> **Saved data entries**
-- Opening Marker --

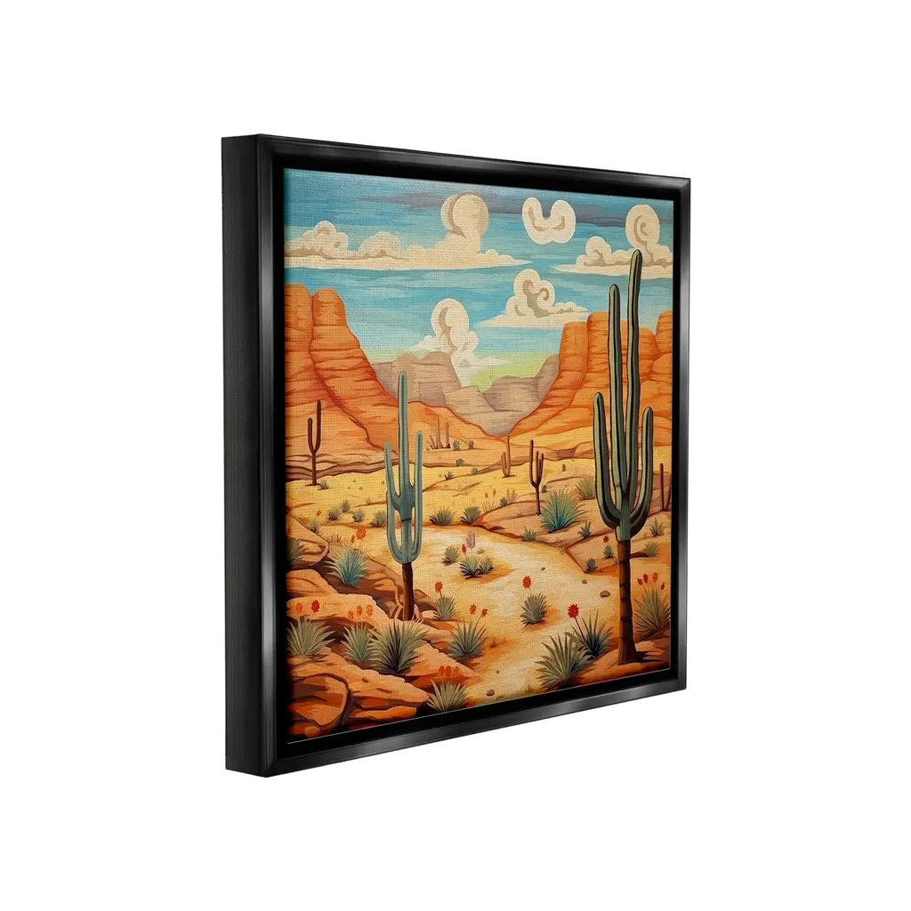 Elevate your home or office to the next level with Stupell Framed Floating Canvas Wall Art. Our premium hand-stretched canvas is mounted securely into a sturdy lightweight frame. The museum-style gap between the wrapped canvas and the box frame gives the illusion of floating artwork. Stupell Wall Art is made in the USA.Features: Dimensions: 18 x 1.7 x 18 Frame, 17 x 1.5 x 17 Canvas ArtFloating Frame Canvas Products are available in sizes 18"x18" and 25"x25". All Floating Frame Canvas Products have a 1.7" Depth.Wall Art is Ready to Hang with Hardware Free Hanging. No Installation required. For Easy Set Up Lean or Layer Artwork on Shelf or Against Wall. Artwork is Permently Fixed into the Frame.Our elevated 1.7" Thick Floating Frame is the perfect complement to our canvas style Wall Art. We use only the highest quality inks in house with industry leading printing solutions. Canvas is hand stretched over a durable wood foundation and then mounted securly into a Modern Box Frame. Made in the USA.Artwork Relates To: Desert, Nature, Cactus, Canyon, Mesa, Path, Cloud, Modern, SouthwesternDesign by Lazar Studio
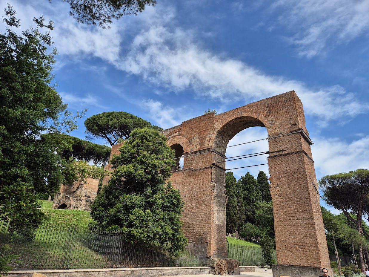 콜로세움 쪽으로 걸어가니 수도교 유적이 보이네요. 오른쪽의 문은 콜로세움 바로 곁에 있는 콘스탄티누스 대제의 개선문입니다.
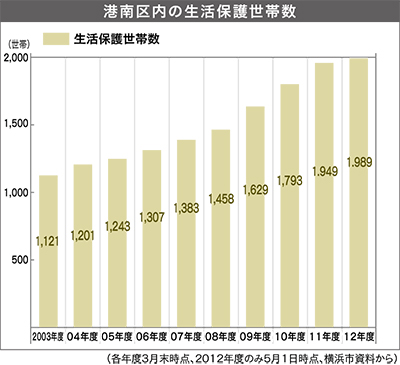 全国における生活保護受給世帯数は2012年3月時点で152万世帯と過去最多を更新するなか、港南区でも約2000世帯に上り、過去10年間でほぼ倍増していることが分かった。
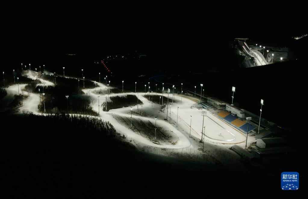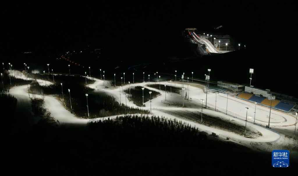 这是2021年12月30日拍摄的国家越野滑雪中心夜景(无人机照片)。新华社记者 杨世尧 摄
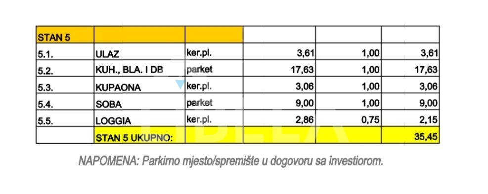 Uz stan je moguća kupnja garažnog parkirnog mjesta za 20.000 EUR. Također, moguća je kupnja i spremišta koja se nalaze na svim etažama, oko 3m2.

-- Closing Marker --

> **Try it**
Every record is to be repeated exactly, and no picture is carried over.

> **Task solution**
 Elevate your home or office to the next level with Stupell Framed Floating Canvas Wall Art. Our premium hand-stretched canvas is mounted securely into a sturdy lightweight frame. The museum-style gap between the wrapped canvas and the box frame gives the illusion of floating artwork. Stupell Wall Art is made in the USA.Features: Dimensions: 18 x 1.7 x 18 Frame, 17 x 1.5 x 17 Canvas ArtFloating Frame Canvas Products are available in sizes 18"x18" and 25"x25". All Floating Frame Canvas Products have a 1.7" Depth.Wall Art is Ready to Hang with Hardware Free Hanging. No Installation required. For Easy Set Up Lean or Layer Artwork on Shelf or Against Wall. Artwork is Permently Fixed into the Frame.Our elevated 1.7" Thick Floating Frame is the perfect complement to our canvas style Wall Art. We use only the highest quality inks in house with industry leading printing solutions. Canvas is hand stretched over a durable wood foundation and then mounted securly into a Modern Box Frame. Made in the USA.Artwork Relates To: Desert, Nature, Cactus, Canyon, Mesa, Path, Cloud, Modern, SouthwesternDesign by Lazar Studio
 콜로세움 쪽으로 걸어가니 수도교 유적이 보이네요. 오른쪽의 문은 콜로세움 바로 곁에 있는 콘스탄티누스 대제의 개선문입니다.
 全国における生活保護受給世帯数は2012年3月時点で152万世帯と過去最多を更新するなか、港南区でも約2000世帯に上り、過去10年間でほぼ倍増していることが分かった。
 这是2021年12月30日拍摄的国家越野滑雪中心夜景(无人机照片)。新华社记者 杨世尧 摄
 Uz stan je moguća kupnja garažnog parkirnog mjesta za 20.000 EUR. Također, moguća je kupnja i spremišta koja se nalaze na svim etažama, oko 3m2.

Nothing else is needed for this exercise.